Радуга тяготения — страница 49 из 192

Он давно перестал обсуждать приказы – даже его изгнанье обсуждению не подлежало. Улики, что связывали его с бухаринским заговором, о деталях коего он и слыхом не слыхивал, могли как-то оказаться правдой – допустим, Троцкистскому Блоку он мог быть известен, понаслышке, допустим, они использовали его методами, которые навсегда остались в секрете… секрет навеки: есть, известно ему, виды невинности, не способные даже вообразить, что это значит, не говоря уж о том, чтобы принять, как принял он. Ибо возможно, в конечном итоге, что это просто лишний эпизод громадного патологического сна Сталина. У Свиневича, по крайней мере, остается физиология, партии она не подвластна… а те, у кого ничего, кроме партии, кто всю жизнь на ней построил, чтобы затем попасть в чистку, – этим предстоит пройти сквозь нечто весьма похожее на смерть… и так ничего и не узнать наверняка, никакой лабораторной точности… это ж его рассудок, видит бог, целых двадцать лет. Они, по крайней мере, ни за что не смогут…

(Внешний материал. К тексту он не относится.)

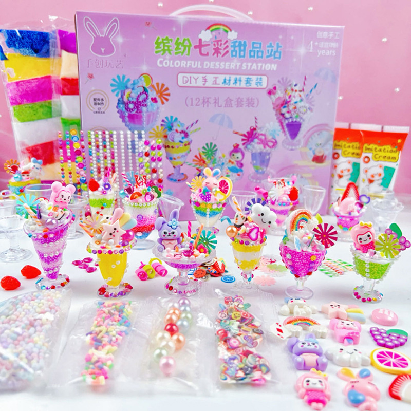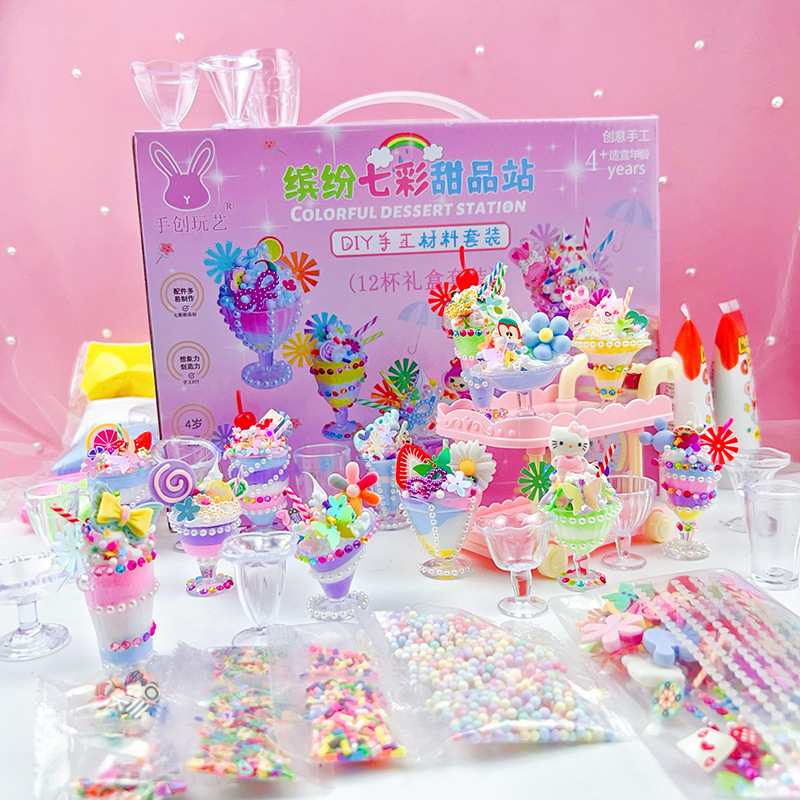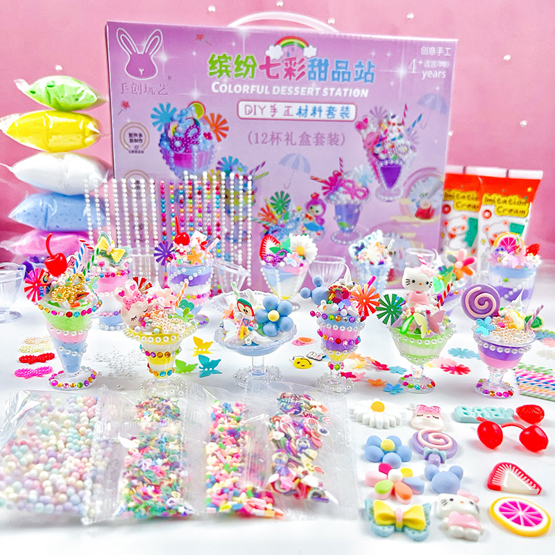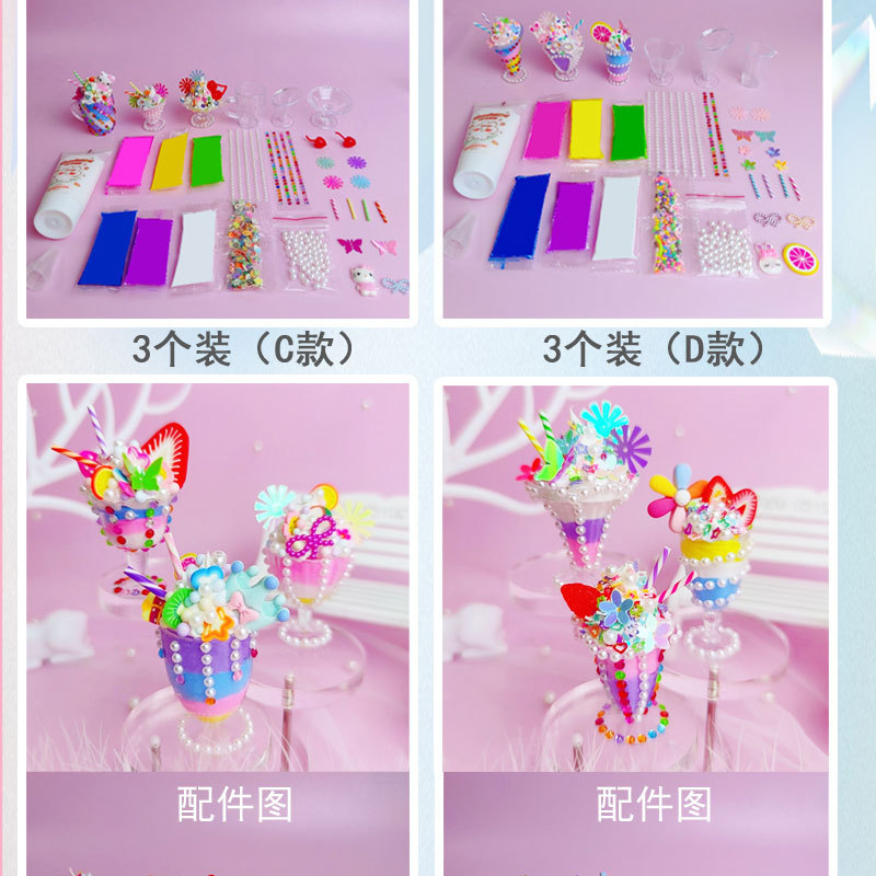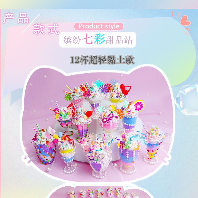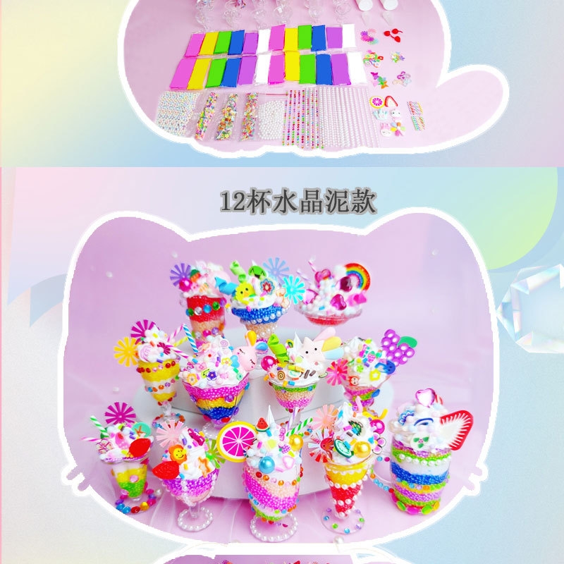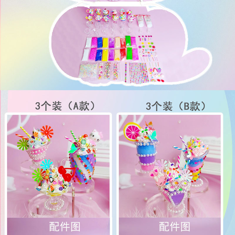 奶油冰淇淋儿童手工diy仿真彩色雪花泥制作材料包蛋糕甜品杯玩具

Нет, не осмелятся, не было таких случаев… если только не замалчивали, конечно, в журналах о таком не прочтешь…

Осмелится ли Стрелман…

Этот может. Да.

Гриша, Гриша! Сбылось. Налетело на нас, да так быстро: чужие города, комедианты в заломленных шляпах, девочки из канкана, фонтаны огня, шумный оркестр в яме… Гриша, и флаги всех стран свернулись у тебя в объятьях… свежие моллюски, теплый пирожок, горячие стаканы чаю по вечерам между представлениями… учишься забывать Россию, утешаться мерзкими, подложными ее огрызками, что попадаются под ноги…

А вот небо потягивается – принять в себя одну-одинешеньку первую звезду. Только Свиневич желаний не загадывает. Политика такая. Знаки прибытия его не интересуют – да и знаки отбытия тоже… Машина дает полный вперед, их собственный кильватер взбухает, розовый от заката, и скрывает собою белое Казино на берегу.

Сегодня дали ток, Казино вернулось в энергосеть Франции. Над головой вспыхивают люстры, косматые от хрустальных игл, а в садах снаружи горят лампы помягче. По пути на ужин с Галопом и танцовщицами Ленитроп, выкатив глаза, останавливается при виде Катье Боргесиус: волосы убраны в такую тиару с изумрудами, а остальная Катье оснащена длинным платьем Медичи из бархата цвета морской волны. Сопровождают ее двухзвездный генерал и бригадир.

– У чина свои привилегии, – поет Галоп, шаркая саркастическими буффалами по ковру, – о, еще какие привилегии.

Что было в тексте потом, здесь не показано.